I know many people who are worried that Rowan WIlliams has gone off his theological chump. Since he had written firmly and eloquently on behalf of the full participation of gay and lesbian persons in the leadership of the Body of Christ before his elevation to the archepiscopate of Canterbury, but now advances a different perspective on licit and illicit relationships, some of my friends take him as a callow vacillator who abandoned principle in order to advance to the most prestigious job in Anglican Christianity (short of being by God’s grace Monarch of England). I’m reluctant to think him so base a careerist; contrariwise, I have several times wondered whether he might not construe his new role much as did Thomas a Becket — as an office to which, by accepting, he agrees to subordinate his own interests and convictions. (“Oh God, I hope not!” sighed one interlocutor.)

I wish the Most Reverend Dr. Williams, with the cooperation of the Holy Spirit, were deploying his considerable theological wisdom and rhetorical skills to direct the Anglican Communion in a direction different from its present course. But if he’s getting up morning by morning to ask himself how the Archbishop of Canterbury must rightly serve God and the Anglican Communion — rather than what he, Rowan Williams, could do to effect ends that he knew were right — I think I’m pretty sympathetic with him. I believe in “the office” as an expression of vocation distinct from the full expression of personal convictions. “The office” exemplifies a social identity in which we participate, the exercise of which we affect (obviously), but which we do not possess, to manipulate as an instrument for our purposes.

(Parenthetically, I don’t suppose that everyone who disagrees with me or Rowan Williams therefore must think of offices solely as nexuses of power that avail to satisfy self-interested policy goals. There’s shades of difference, by all means.)

Now, as a follow-up reflections: I doubt that demystifying and disenchanting “the office” effect the same gesture.
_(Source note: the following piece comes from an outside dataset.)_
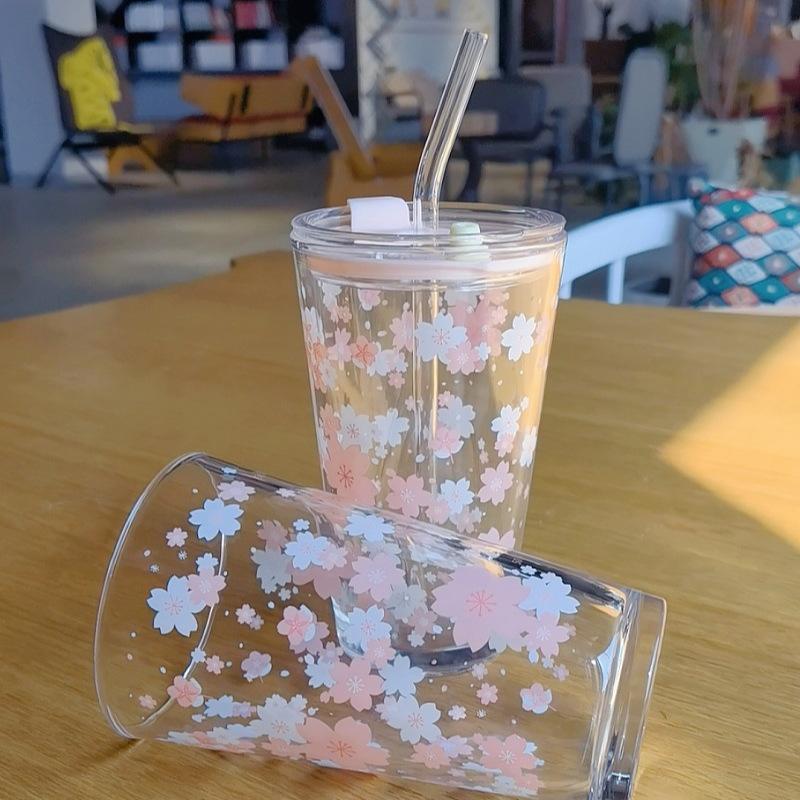 Стакан "Цветы сакуры" с трубочкой, 450мл

On my hunch, “the office” provides something of a bulwark against the bare-knuckled brawl of power and will; it can surely be used in manipulative ways, but that’s the gesture of someone who already disbelieves in the distinct responsibilities of “the office.” And I wonder whether, if we leave behind an ideology of office, we don’t swing the door open to the puerile sorts of egalitarianism (because each of us presumably has some positive qualities, because we stand equal before the throne of God, therefore everyone’s opinion and standing should be treated equally in all circumstances”). But maybe this just catches me on a grouchy day.